REHABILITATION OF WARMWATER STREAM ECOSYSTEMS DAMAGED BY CHANNEL INCISION

Authors: Shields Jr, Fletcher; Knight, Scott; Cooper, Charles

Submitted to: Ecological Engineering
Publication Type: Peer Reviewed Journal
Publication Acceptance Date: 11/7/1996
Publication Date: N/A
Citation: N/A

Interpretive Summary: Streams in many agricultural watersheds have been destabilized by historical management practices like deforestation, channelization, and a lack of on-farm conservation measures. Cost-effective strategies to restore stream channel stability and ecological resources are needed, but scientific studies of restoration projects, particularly those in unstable, warmwater streams, are scarce. Two small streams in northwest Mississippi undergoing accelerated erosion were stabilized using different structural and vegetative measures, and physical and biological response was measured for two to three years. The project which featured distribution of smaller stabilization structures along a reach produced superior and more persistent response in habitats and fish populations to the project that featured a single large structure. Vegetative measures failed due to impermeable soils and competition from an exotic vine, kudzu. These results indicate that even minor increases in pool habitat can produce desirable shifts in fish species composition and size distribution, but without a stabilization plan that specifically considers habitat restoration, improvements in biological resources will be limited and possibly not long lived. Additional research is needed to develop cost-effective approaches for establishing native woody species on banks of incised streams infested with kudzu. 
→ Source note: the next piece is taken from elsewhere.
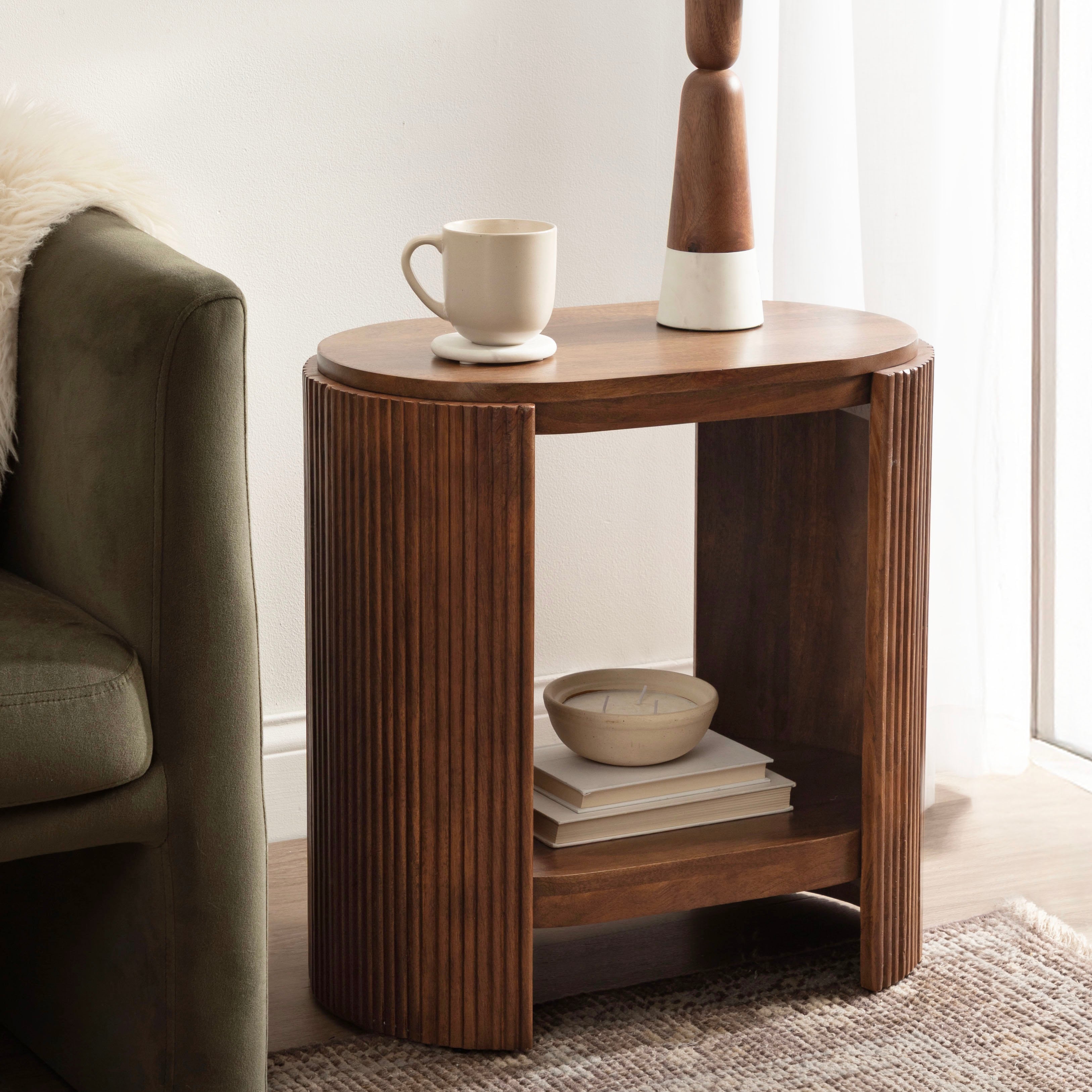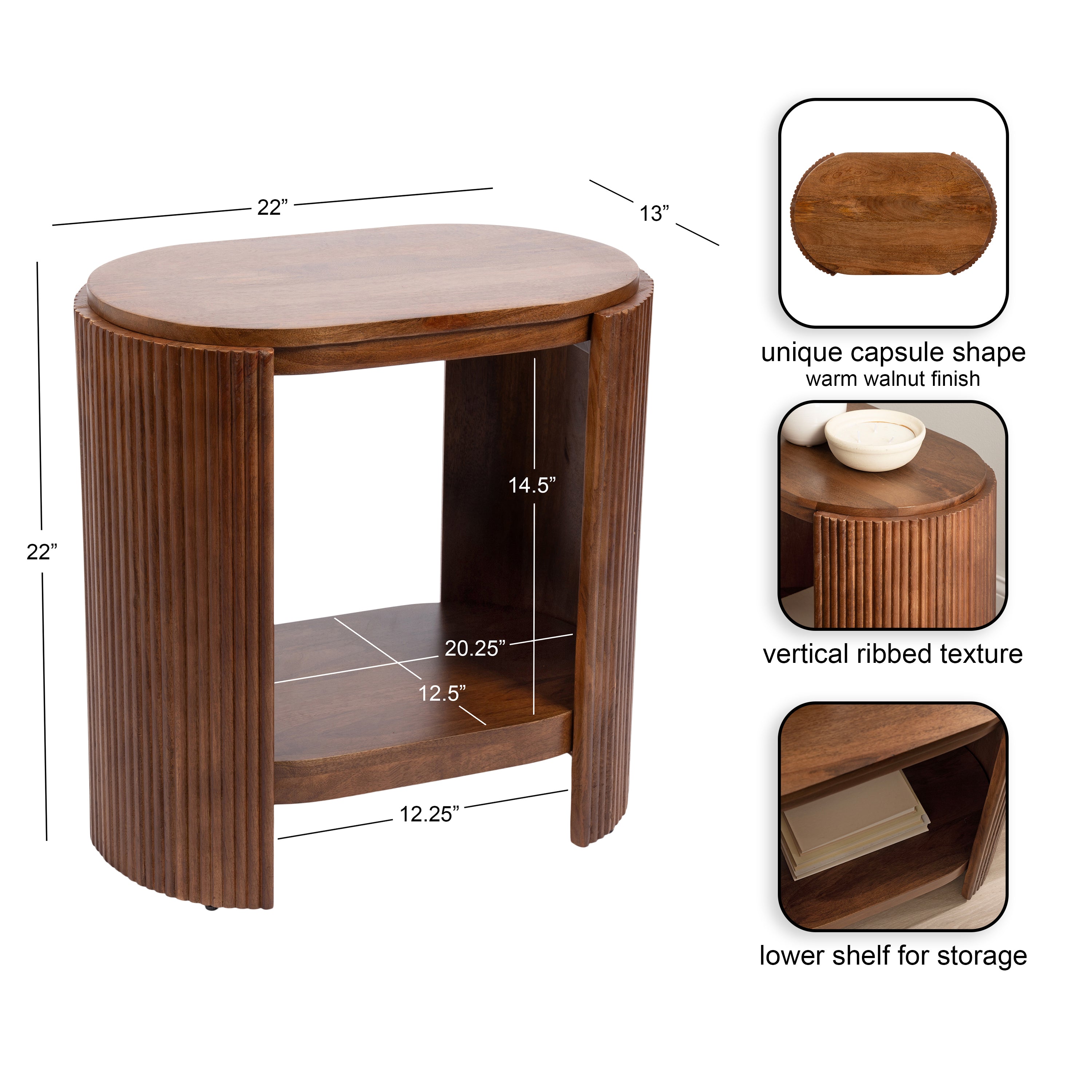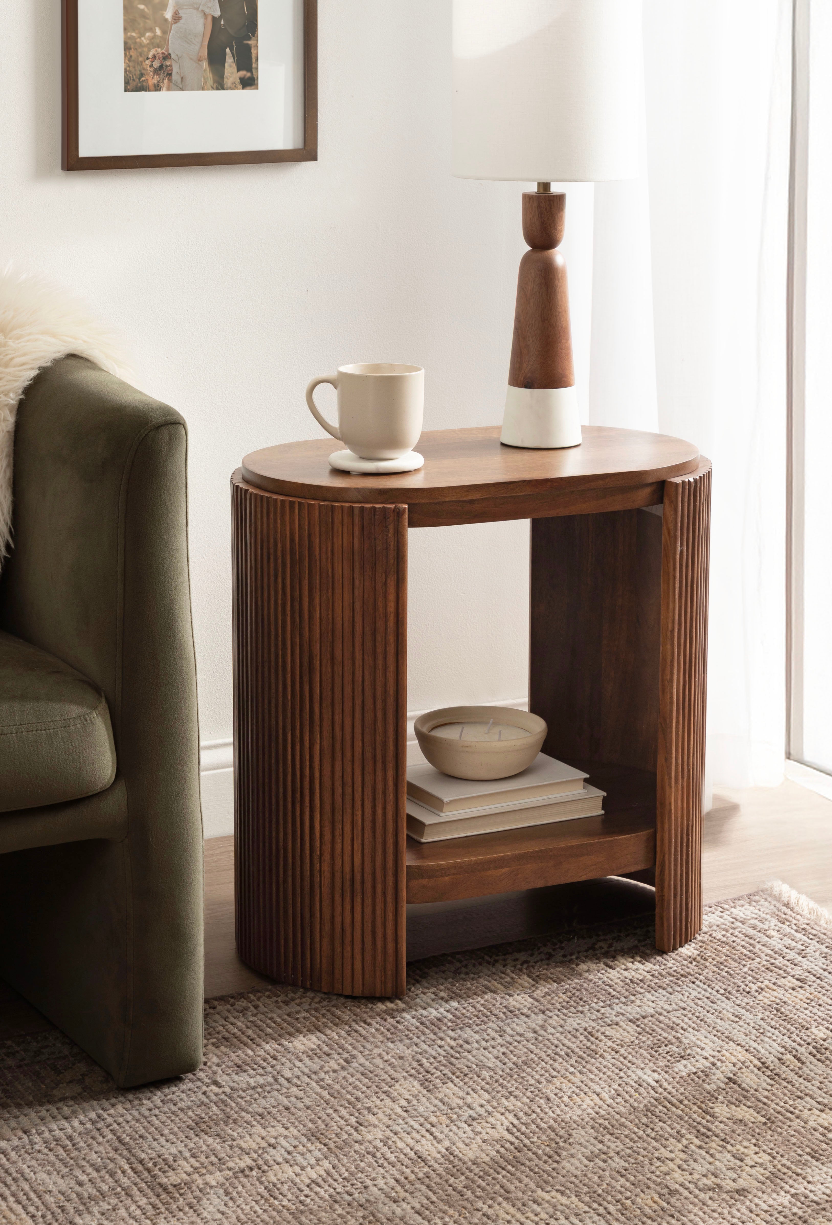 Blend your love of modern style with a dash of transitional functionality with the Cakora side table. This rectangular table embraces a fun yet refined design with its capsule table shape and ribbed table sides. Skilled artisans craft the Cakora by hand, and due to this careful, delicate crafting, each piece is one-of-a-kind in finish and woodgrain. This end table is made of 100% solid mango wood for a table that looks and feels rich and high-quality. It not only looks good, but it also features two tiers of mango wood that can serve various purposes throughout your home. It is a perfect pairing next to a sofa, by your bed, or flanking your entryway. In addition, the two tiers are ideal for storing and displaying household necessities and your most cherished decorative accent pieces. Assembly for this minimal table takes a matter of minutes with a simple four-step process will have your new end table ready in no time.

Technical Abstract: Cost-effective design for incised stream habitat rehabilitation is a challenging problem, and detailed studies of outcomes are rare. Herein we present a case study of two streams (watershed size = 12 and 14 km*2) damaged by channel straightening and incision. One stream was stabilized using a metal sheet piling weir and dormant willow post planting, while the other was treated with a stone weir, stone toe bank protection, and willow sprout planting. Fishes and their physical habitats were monitored for one to two years before construction and two to three years afterward. Willow planting was not successful, so canopy, bank vegetation, and woody debris density were unchanged. Pool habitat area increased from less than 5% to more than 30% of the total aquatic area, and mean water depth at baseflow doubled in the stream with the sheet-pile weir and tripled in the stream with stone structures. Fish species richness and diversity were unchanged, but species composition shifted away from cyprinids typical of shallow, sandy runs toward pool-dwelling catostomids and centrarchids, becoming more similar to a nearby lightly-degraded reference site. Median lengths of selected centrarchids increased following rehabilitation. Physical and biological response were more persistent for the stream treated with the stone weir and bank toe protection, possibly because the stone toe produced a more uniform longitudinal distribution of cover and pool habitats than the single weir. Recovery of habitat resources in deeply incised low-order warmwater streams draining agricultural watersheds is better served by designs which feature distribution of structures along a reach rather than concentration of structure at a few points.